Originally Posted by mattm


And in the 4-5 times I've used it, TSA has opened it up but they don't need to unpack anything since it's pretty open inside and they can get in to it from both sides.
TSA have told me they need to see/feel the seams of the bag. those cases that affix the parts (or require minimal disassembly) are super nice for that.

any case that REQUIRES stuff to be put in in one specific way or all bets are off represents a liability.

Originally Posted by mattm
The downside of course is that it's bigger, hard to get away with the "it's not a bike" thing. Even if you convince them it's "art" it's still obviously oversized. At least it comes in under 50 lbs when packed, so you don't get dinged twice.
not sure if it has changed, but it used to have "BIK(nd") right there. you're getting hit with the cost immediately. if you travel back and forth to europe that is a huge fee on most airlines.
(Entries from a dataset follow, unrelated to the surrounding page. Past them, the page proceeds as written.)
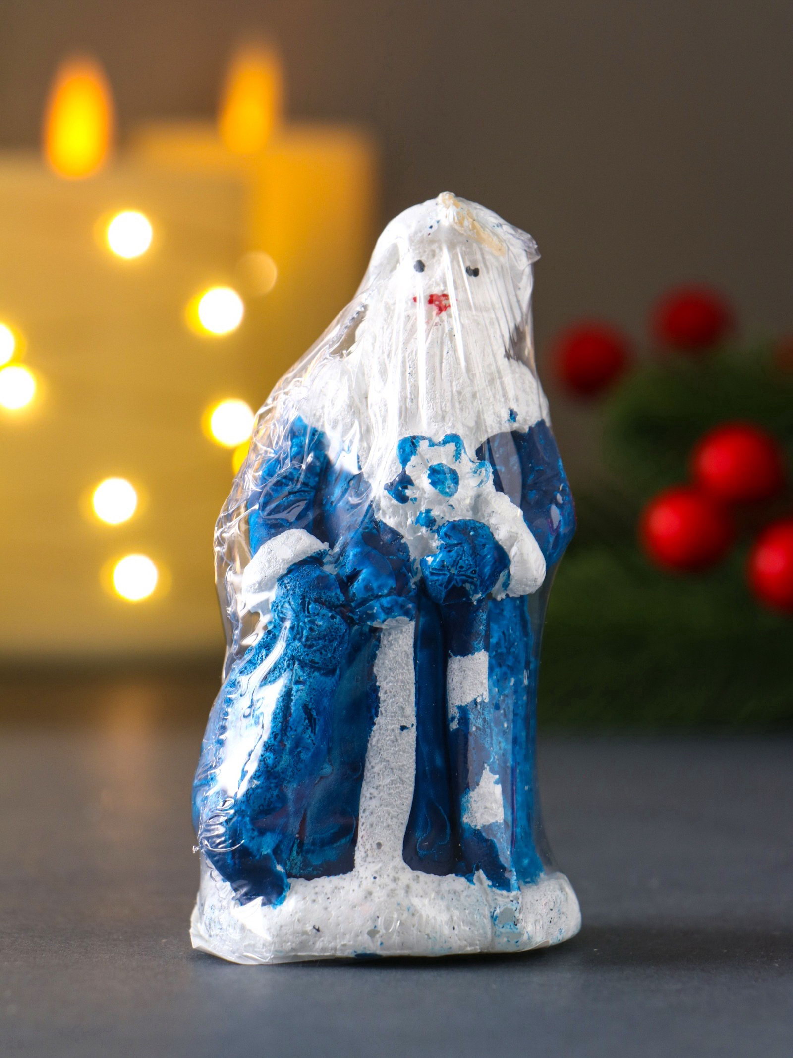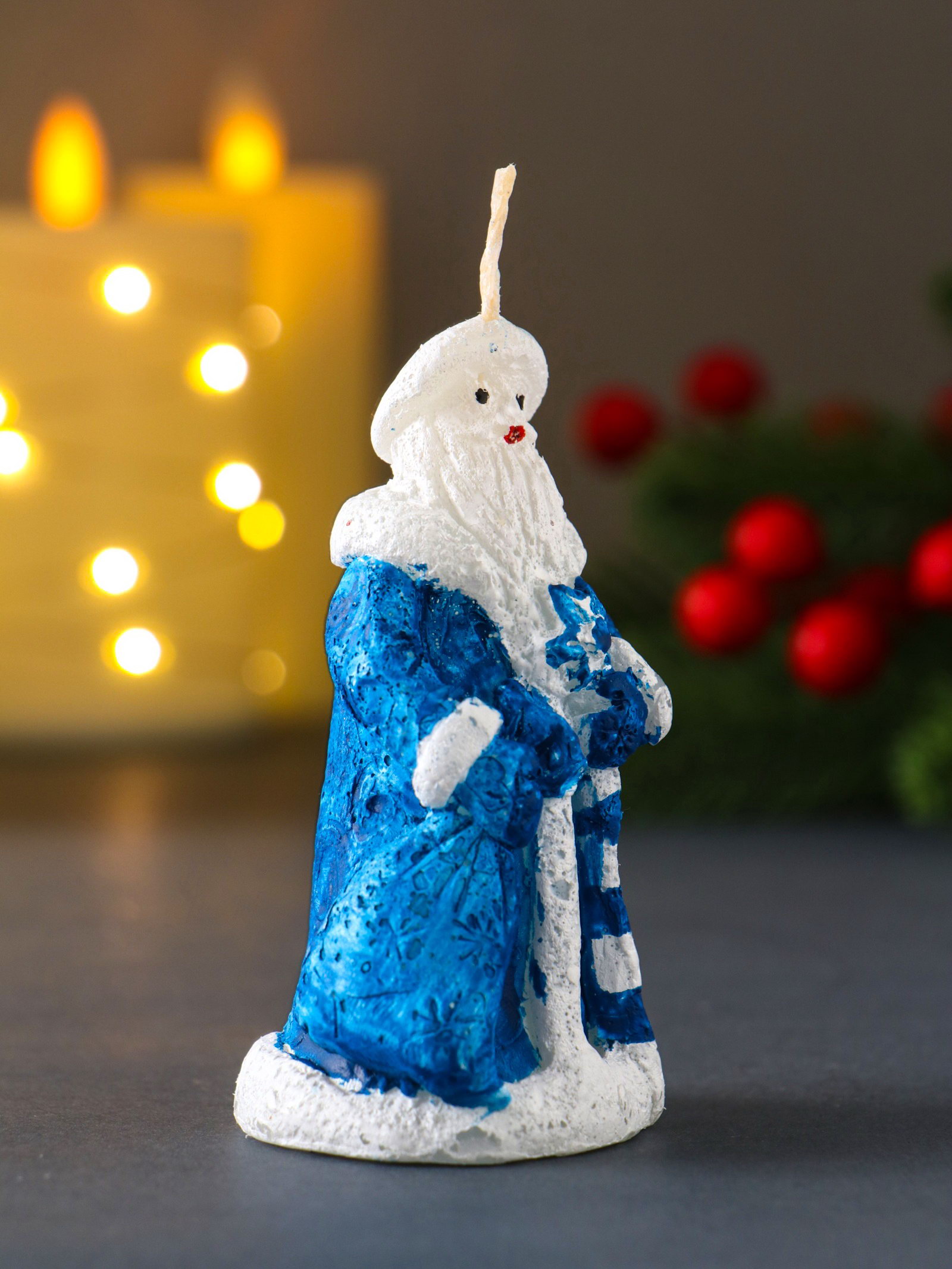 Свеча декоративная "Дед Мороз", 45x88, синий, Россия
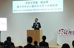 松山市親と子のよい歯のコンクールで、口腔の健康を保持し、増進に努めている親と、むし歯がなく規則正しい生活習慣を送っているお子さんを表彰しました。
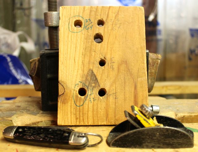 A scrap piece of wood with an 11/32 inch whole drilled into it will aid you in choosing the right shaft.
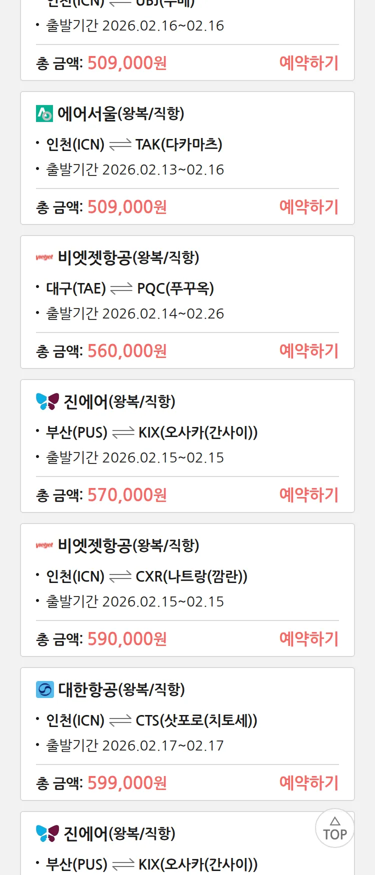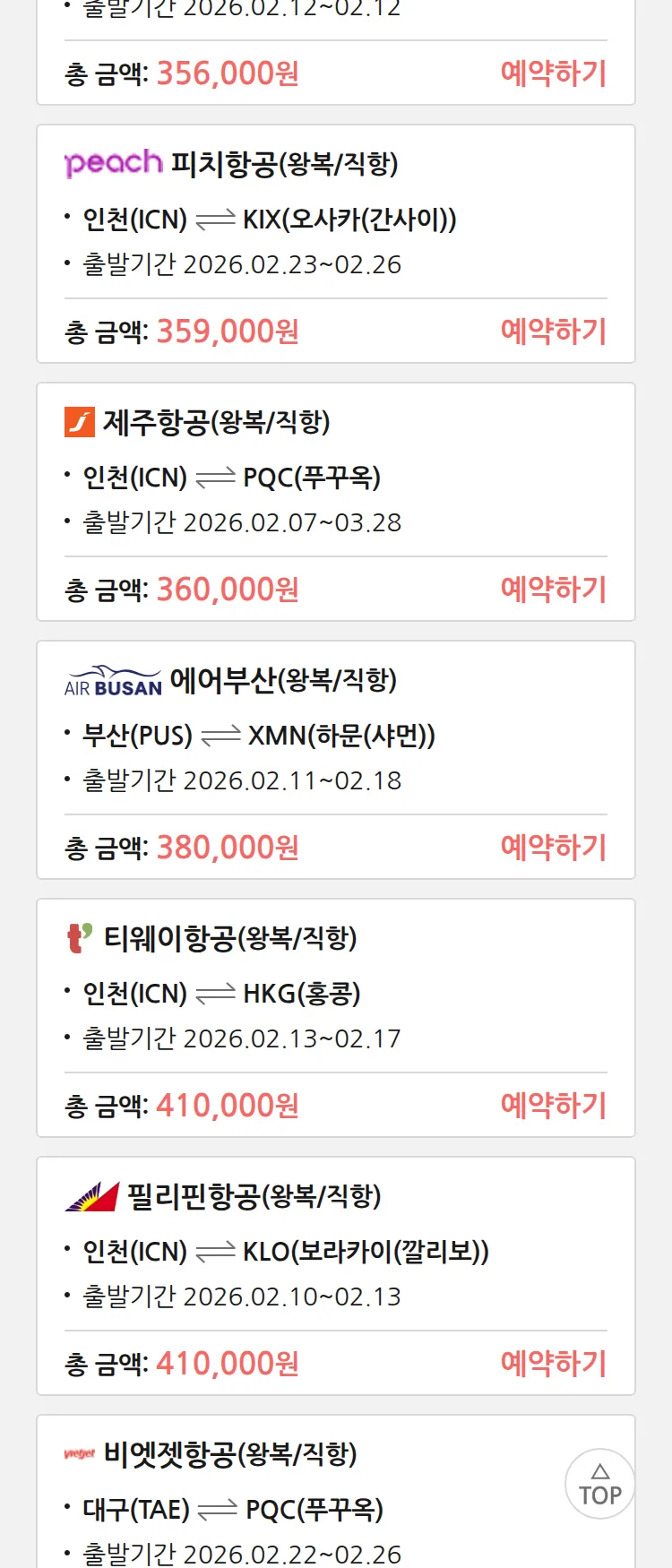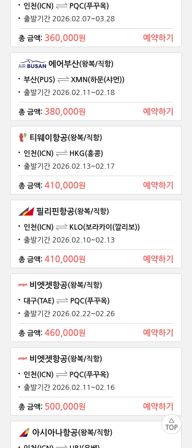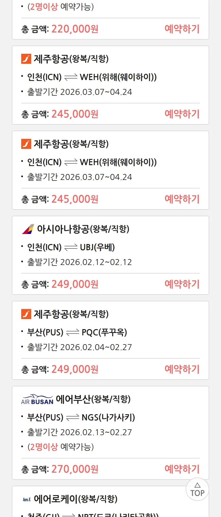 (1월 30일(금)) 땡처리 특가 항공권

50# is still pretty damn heavy. a 15# bike + orucase stuffed with clothing is like 25, 30. 50 and bulky is an issue if you need to take it on a train to the city center, or do connections, or fit in a european car. in fact, you might not get one of those bags that requires little/no disassembly on a train in europe.

obviously not an issue for every traveler/destination.

Originally Posted by mattm
The trick is to fly out of smaller airports - 3 out of 4 times at Mobile Regional they just check it like normal baggage, no questions asked. At SFO, ATL, SJC it's a little trickier. Sometimes you can talk them down a bit from the bigger fees though.
"it depends."

i've been in small airports (where the gate agents can see you walk in) and have heard them say "here's a guy with a bike" (when i used a Pika) as soon as the doors slid open.

Originally Posted by mattm
I'm just amazed every time I travel with the carbon-everything bike and it comes out on the other end unscathed.
at one point you were amazed that you would ever race a carbon-everything bike.

when they break, they're easy and cheap to repair, too.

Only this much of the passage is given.